Daun kelor (Moringa oleifera) dikenal sebagai tanaman herbal yang memiliki banyak khasiat dan telah lama digunakan sebagai bahan obat tradisional. Tanaman ini banyak tumbuh di Indonesia dan memiliki kandungan gizi yang sangat tinggi. Daun kelor kaya akan senyawa fitokimia, klorofil, vitamin C, beta-karoten, serta mineral seperti kalsium dan besi. Selain itu, daun kelor juga mengandung berbagai senyawa bioaktif yang memberikan berbagai manfaat kesehatan, termasuk sebagai antioksidan, antikanker, antibakteri, antiinflamasi, dan anti diabetes.

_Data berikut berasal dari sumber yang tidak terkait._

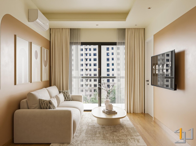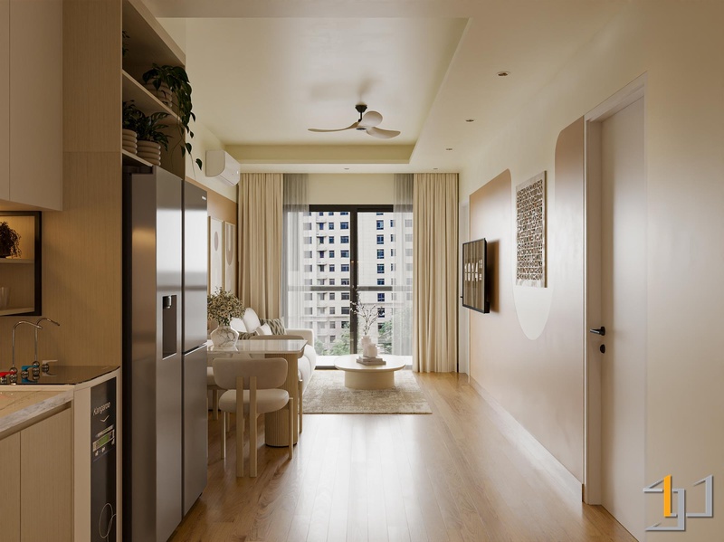 Không gian được định hình theo phong cách Japandi, đặt trọng tâm vào Thổ Vững Chãi để tạo cảm giác ổn định, ấm và dễ an trú ngay từ trải nghiệm đầu tiên. Tổng thể sử dụng bảng màu be – nâu đất – trắng ngà, kết hợp ánh sáng vàng dịu giúp các mặt phẳng kiến trúc trở nên mềm và có chiều sâu.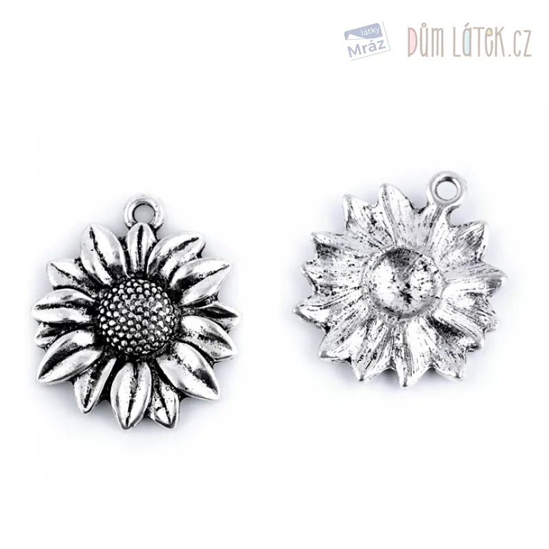 Přívěsek s květem slunečnice má kulatý tvar, je jednostranný. Je vhodný i jako ozdoba na oděvy, tašky a kabelky.

Meski ketersediaannya cukup melimpah, pemanfaatan daun kelor dalam bentuk produk pangan atau minuman di Indonesia masih tergolong terbatas. Biasanya, daun kelor hanya diolah menjadi sayur atau minuman tradisional seperti rebusan atau jus yang tidak tahan lama. Melalui penelitian ini, tim berusaha mengolah daun kelor menjadi produk serbuk yang lebih praktis dan tahan lama, sehingga dapat dikonsumsi sebagai minuman fungsional kapan saja.

Sebagai tambahan dalam formulasi minuman fungsional, daun stevia dipilih karena fungsinya sebagai pemanis alami yang non-tebu. Stevia dikenal memiliki tingkat kemanisan 200 hingga 300 kali lebih tinggi dibandingkan gula tebu, namun tetap aman karena bebas kalori dan tidak menimbulkan efek samping jangka panjang seperti risiko kanker atau kerusakan gigi. Kandungan gula stevia ini sangat cocok bagi penderita diabetes, karena tidak akan meningkatkan kadar gula darah serta memiliki nilai kalori yang rendah.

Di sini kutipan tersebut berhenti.